March 23, 2018, by Michael Gillenwater & Molly White

The Paris Agreement is a major international political achievement. Yet, if we are honest, we must acknowledge that the pledges countries have made under the Paris Agreement (i.e, Nationally Determined Contributions, NDCs) are embryonic. In many cases they are vague, conditional, and made in the absence of a common or precise reporting and compliance framework. There is much work to be done to “flesh out” the details and within countries to prepare for implementation.

A majority of developing countries (92) identify capacity building as a condition for the successful implementation of their mitigation and adaptation ambitions.[1] And, it is likely that many more developing countries would indicate the same if they were explicitly asked. However, addressing these needs from a limited pool of sustainable development resources begs the question: How do we improve the impact of international capacity building efforts?

Those of us at the GHG Management Institute wish we had a clear answer. We have informed opinions, “lessons learned” from experience working with numerous countries. A simple web search on the terms “capacity building lessons learned” will reveal dozens of reports with further opinions, but a very limited pool of objective research. The effectiveness of capacity building is currently constrained by this lack of scientifically-credible studies.

Again, the Paris Agreement is a milestone for climate change policy. But, why? The central reason is that it presents a new formulation for reducing future emissions internationally that applies to all countries, rather than predominantly industrialized ones.

This new formulation, though, is not blind to the real climate policy implementation challenges faced by most developing countries. In ways that go beyond past UNFCCC decisions, the Agreement stresses the critical role of capacity building to enable for the full participation of developing countries. To summarize this in overly simple terms, developing countries agree to take on mitigation commitments and transparently implement them, and in return the wealthy countries agree to provide climate finance and capacity building support.

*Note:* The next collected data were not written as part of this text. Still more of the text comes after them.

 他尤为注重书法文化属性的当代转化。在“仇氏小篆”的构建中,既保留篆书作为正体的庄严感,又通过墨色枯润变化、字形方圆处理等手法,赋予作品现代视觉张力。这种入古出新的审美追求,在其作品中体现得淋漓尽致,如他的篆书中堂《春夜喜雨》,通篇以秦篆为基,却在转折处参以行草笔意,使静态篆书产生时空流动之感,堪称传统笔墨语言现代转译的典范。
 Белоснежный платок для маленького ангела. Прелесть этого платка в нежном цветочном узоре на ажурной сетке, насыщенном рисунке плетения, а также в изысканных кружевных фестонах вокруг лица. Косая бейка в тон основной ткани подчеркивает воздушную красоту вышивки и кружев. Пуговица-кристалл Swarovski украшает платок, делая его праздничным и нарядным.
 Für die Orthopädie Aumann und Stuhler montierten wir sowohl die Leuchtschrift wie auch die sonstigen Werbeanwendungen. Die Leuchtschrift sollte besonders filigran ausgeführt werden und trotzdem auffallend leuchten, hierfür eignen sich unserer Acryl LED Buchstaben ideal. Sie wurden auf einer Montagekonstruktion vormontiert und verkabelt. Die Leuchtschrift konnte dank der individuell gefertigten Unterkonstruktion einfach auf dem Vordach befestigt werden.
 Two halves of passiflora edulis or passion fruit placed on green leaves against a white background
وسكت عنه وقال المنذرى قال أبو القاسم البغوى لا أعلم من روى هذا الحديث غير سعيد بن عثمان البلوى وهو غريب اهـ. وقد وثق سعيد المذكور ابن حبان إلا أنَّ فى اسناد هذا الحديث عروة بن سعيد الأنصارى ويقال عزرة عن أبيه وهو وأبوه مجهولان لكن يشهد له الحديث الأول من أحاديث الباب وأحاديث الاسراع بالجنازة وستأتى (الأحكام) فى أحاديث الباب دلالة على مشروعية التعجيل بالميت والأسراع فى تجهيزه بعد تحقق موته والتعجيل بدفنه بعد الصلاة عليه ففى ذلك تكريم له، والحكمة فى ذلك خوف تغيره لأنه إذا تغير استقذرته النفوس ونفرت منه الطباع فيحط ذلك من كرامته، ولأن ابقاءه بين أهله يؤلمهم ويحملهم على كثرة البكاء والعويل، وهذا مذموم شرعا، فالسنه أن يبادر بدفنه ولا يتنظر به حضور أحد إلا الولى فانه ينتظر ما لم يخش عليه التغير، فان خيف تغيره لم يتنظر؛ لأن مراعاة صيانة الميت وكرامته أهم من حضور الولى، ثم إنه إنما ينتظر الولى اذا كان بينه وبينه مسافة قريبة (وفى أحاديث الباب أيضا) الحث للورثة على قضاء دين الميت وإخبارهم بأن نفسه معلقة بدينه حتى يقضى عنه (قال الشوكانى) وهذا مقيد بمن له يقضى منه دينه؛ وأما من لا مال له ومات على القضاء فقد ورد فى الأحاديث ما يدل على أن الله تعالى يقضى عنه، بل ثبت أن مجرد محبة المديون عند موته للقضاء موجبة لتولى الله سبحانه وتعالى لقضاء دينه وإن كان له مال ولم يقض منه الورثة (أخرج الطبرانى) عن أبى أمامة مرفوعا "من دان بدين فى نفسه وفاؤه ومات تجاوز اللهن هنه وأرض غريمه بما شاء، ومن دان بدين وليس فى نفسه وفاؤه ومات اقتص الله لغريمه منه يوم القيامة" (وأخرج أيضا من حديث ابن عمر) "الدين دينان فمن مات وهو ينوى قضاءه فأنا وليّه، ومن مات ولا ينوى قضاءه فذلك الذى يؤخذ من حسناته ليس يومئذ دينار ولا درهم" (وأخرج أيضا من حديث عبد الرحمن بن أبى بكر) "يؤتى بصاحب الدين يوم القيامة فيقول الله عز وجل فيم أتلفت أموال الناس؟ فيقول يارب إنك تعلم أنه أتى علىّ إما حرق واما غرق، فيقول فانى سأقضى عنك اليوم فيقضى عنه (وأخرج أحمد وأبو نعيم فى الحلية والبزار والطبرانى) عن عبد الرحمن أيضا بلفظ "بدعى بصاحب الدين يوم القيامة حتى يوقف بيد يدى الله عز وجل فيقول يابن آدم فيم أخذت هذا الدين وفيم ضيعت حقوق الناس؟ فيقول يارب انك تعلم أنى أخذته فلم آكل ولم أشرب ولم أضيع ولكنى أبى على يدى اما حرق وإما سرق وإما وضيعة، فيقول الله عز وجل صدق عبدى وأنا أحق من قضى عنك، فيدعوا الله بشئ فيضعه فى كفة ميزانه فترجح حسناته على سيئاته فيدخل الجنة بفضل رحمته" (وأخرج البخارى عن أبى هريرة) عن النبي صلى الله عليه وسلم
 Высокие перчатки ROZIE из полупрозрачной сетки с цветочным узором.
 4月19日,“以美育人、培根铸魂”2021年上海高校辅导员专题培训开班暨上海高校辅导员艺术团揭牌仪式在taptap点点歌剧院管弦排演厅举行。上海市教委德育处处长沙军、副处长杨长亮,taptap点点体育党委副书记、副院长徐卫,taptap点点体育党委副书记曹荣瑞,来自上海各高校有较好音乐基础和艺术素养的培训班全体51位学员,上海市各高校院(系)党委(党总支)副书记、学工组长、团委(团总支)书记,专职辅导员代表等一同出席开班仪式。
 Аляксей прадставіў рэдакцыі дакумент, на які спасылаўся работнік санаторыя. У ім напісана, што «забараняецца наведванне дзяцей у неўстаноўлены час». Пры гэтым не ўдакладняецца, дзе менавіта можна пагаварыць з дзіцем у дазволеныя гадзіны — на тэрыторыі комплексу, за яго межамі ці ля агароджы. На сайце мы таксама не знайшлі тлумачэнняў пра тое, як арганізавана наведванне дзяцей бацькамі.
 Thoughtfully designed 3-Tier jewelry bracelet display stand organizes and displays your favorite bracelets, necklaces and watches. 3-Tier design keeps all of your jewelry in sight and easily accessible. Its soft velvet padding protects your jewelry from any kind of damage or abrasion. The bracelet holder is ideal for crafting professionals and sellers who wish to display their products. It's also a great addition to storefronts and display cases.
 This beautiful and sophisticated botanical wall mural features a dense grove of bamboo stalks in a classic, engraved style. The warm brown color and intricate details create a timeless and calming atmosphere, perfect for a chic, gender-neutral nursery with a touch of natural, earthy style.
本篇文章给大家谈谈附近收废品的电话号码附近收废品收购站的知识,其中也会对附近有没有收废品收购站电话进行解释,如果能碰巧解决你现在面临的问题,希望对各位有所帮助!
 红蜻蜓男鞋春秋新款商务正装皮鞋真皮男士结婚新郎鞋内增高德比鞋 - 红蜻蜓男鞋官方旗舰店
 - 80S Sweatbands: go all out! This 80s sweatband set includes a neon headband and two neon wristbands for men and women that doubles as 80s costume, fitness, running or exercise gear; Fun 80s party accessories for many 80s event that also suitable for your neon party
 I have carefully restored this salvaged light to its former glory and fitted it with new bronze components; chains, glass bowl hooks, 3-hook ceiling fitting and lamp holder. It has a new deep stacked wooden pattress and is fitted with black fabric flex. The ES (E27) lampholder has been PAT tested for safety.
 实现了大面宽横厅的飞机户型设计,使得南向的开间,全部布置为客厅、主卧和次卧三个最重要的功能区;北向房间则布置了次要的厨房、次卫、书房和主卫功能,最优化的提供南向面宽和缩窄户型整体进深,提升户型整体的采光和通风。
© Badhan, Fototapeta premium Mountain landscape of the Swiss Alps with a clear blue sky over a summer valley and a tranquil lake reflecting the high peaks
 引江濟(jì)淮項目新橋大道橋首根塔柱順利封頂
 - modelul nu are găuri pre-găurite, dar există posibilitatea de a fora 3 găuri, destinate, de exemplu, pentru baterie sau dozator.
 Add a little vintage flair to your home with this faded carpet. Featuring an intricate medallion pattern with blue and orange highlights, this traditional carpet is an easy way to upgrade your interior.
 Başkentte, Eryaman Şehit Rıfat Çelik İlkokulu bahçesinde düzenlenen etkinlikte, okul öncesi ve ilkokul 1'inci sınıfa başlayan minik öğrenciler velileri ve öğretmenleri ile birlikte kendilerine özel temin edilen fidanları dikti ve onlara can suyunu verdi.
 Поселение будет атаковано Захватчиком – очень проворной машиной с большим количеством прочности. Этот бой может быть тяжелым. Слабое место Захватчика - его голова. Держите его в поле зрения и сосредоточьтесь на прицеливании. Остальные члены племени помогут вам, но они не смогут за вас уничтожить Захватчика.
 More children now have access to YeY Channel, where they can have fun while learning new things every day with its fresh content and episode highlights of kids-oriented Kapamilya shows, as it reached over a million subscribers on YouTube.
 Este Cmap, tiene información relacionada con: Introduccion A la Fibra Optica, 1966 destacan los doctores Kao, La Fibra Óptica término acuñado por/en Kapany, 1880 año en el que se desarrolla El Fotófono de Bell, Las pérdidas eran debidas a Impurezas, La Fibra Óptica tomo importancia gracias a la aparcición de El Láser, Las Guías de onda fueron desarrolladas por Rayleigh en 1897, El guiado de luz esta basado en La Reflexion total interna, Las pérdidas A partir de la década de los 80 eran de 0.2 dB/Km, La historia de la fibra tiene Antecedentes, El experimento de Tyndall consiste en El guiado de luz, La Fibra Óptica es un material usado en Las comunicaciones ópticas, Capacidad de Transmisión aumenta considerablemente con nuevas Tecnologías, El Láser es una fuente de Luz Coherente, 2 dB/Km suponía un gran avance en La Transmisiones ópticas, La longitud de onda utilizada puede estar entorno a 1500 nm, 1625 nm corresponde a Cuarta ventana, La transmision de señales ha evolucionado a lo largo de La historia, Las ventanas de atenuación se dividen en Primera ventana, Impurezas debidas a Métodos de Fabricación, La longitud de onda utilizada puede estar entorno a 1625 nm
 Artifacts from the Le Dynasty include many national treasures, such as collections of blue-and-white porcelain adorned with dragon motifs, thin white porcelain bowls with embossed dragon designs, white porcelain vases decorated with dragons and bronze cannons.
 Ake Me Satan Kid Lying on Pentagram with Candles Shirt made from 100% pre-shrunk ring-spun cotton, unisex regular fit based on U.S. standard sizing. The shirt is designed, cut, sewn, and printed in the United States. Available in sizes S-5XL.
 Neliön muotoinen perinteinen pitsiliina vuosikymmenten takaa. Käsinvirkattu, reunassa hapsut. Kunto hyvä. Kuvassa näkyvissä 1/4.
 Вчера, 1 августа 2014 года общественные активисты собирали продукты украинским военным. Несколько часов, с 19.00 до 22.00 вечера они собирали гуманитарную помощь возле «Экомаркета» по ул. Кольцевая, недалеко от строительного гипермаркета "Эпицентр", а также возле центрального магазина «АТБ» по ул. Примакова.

Capacity building to facilitate climate mitigation in the developing world is not a new idea. For more than two decades, going back well before the Kyoto Protocol (e.g., U.S. Country Studies Program), we have seen a continuous period of capacity building investment. These projects have been funded by a range of actors, including international development agencies (e.g.USAID) and UN programmes. Because of the dispersed and unsystematic nature of past international capacity building efforts, we have a sparse evidence base to assess and improve capacity building. At present, there is little information about which types of interventions work long-term, and under what conditions. Recognizing this deficiency, the GHG Management Institute has sought to partially address it in our own work by applying pedagogical good practice in the delivery of technical training, but the fundamental questions remain.

It is challenging to substantiate long-term impact and improve capacity building without this evidence base. Therefore, we call on our colleagues in climate change capacity building to demand an evidence revolution.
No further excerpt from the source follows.